Reputation: 515
I'm just trying to get myself familiar with dataclass in python. One thing I learned from some readings online is that, we can turn the regular class definition with a mutable class variable (which is a bad thing), into dataclass and that would prevent it. For example:
regular class:
class A:
a = []
def __init__(self):
self.b = 1
this could have potential issue where different instances share the same class variable a
, and modify a
unknowingly.
and with dataclass:
@dataclass
class A:
a: list = []
def __init__(self):
self.b = 1
this does not allow me to write this class by raising error:
ValueError: mutable default <class 'list'> for field a is not allowed: use default_factory
however, if I simply get rid of the type annotation:
@dataclass
class A:
a = []
def __init__(self):
self.b = 1
there is no complaint at all and a
is still shared across different instances.
Is this expected?
How come the simple type annotation would change the behavior of the class variable?
(I'm using python 3.7.6
)
Upvotes: 3
Views: 2045
Reputation: 454
When you declare
@dataclass
class A:
a = []
def __init__(self):
self.b = 1
a
is not a dataclass field.
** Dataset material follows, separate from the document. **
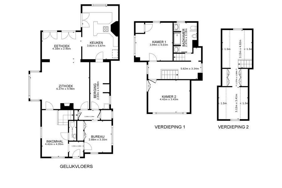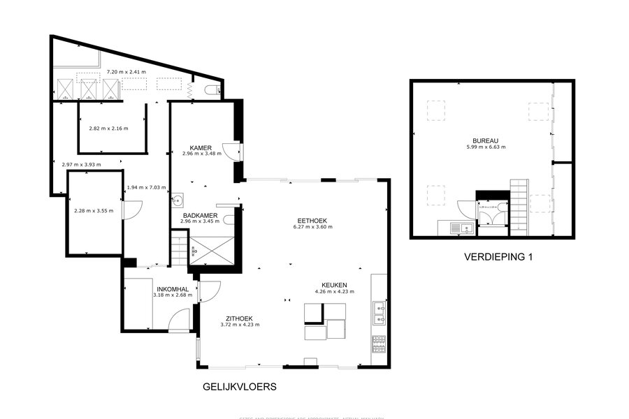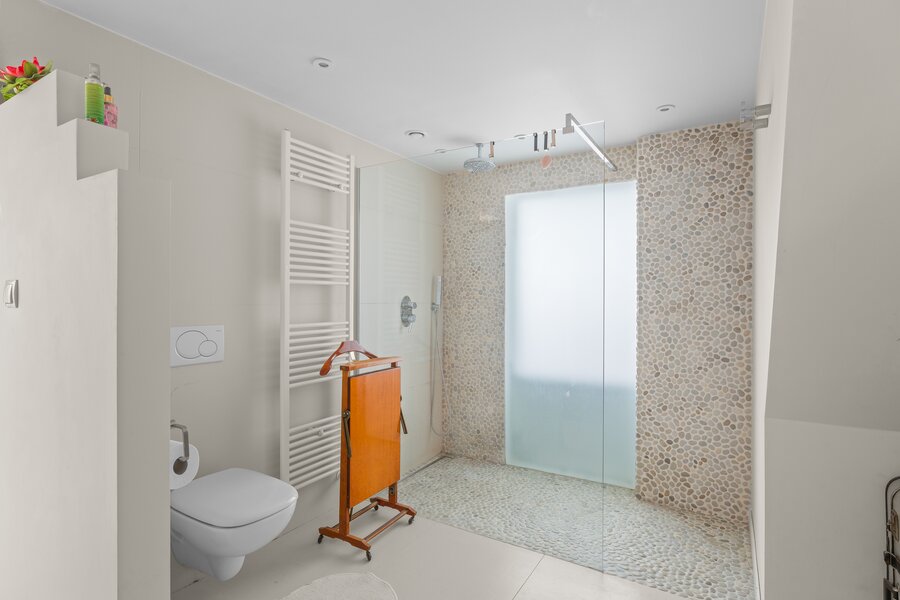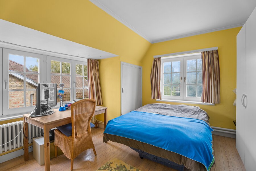 De hoofdwoning verwelkomt u via een ruime inkomhal met gastentoilet en leidt naar de lichtrijke leefruimte met open keuken, volledig gericht naar de zonnige tuin. Verder beschikt u over een authentieke badkamer/wasruimte en een bureau. Op de eerste verdieping bevinden zich twee ruime slaapkamers en een badkamer, terwijl de zolder een polyvalente ruimte of bijzondere kinderkamer biedt.

REF: https://github.com/ericvsmith/dataclasses/issues/2#issuecomment-302987864
You can take a look at __dataclass_fields__
and __annotations__
fields after declaring the class.
In [55]: @dataclass
...: class A:
...: a: list = field(default_factory=list)
...:
...: def __init__(self):
...: self.b = 1
...:
In [56]: A.__dict__
Out[56]:
mappingproxy({'__module__': '__main__',
'__annotations__': {'a': list},
'__init__': <function __main__.A.__init__(self)>,
'__dict__': <attribute '__dict__' of 'A' objects>,
'__weakref__': <attribute '__weakref__' of 'A' objects>,
'__doc__': 'A()',
'__dataclass_params__': _DataclassParams(init=True,repr=True,eq=True,order=False,unsafe_hash=False,frozen=False),
'__dataclass_fields__': {'a': Field(name='a',type=<class 'list'>,default=<dataclasses._MISSING_TYPE object at 0x7f8a27ada250>,default_factory=<class 'list'>,init=True,repr=True,hash=None,compare=True,metadata=mappingproxy({}),_field_type=_FIELD)},
'__repr__': <function dataclasses.__repr__(self)>,
'__eq__': <function dataclasses.__eq__(self, other)>,
'__hash__': None})
In [57]: @dataclass
...: class A:
...: a = []
...:
...: def __init__(self):
...: self.b = 1
...:
In [58]: A.__dict__
Out[58]:
mappingproxy({'__module__': '__main__',
'a': [],
'__init__': <function __main__.A.__init__(self)>,
'__dict__': <attribute '__dict__' of 'A' objects>,
'__weakref__': <attribute '__weakref__' of 'A' objects>,
'__doc__': 'A()',
'__dataclass_params__': _DataclassParams(init=True,repr=True,eq=True,order=False,unsafe_hash=False,frozen=False),
'__dataclass_fields__': {},
'__repr__': <function dataclasses.__repr__(self)>,
'__eq__': <function dataclasses.__eq__(self, other)>,
'__hash__': None})
From PEP 557:
The dataclass decorator examines the class to find fields. A field is defined as any variable identified in __annotations__
. That is, a variable that has a type annotation. REF: How to add a dataclass field without annotating the type?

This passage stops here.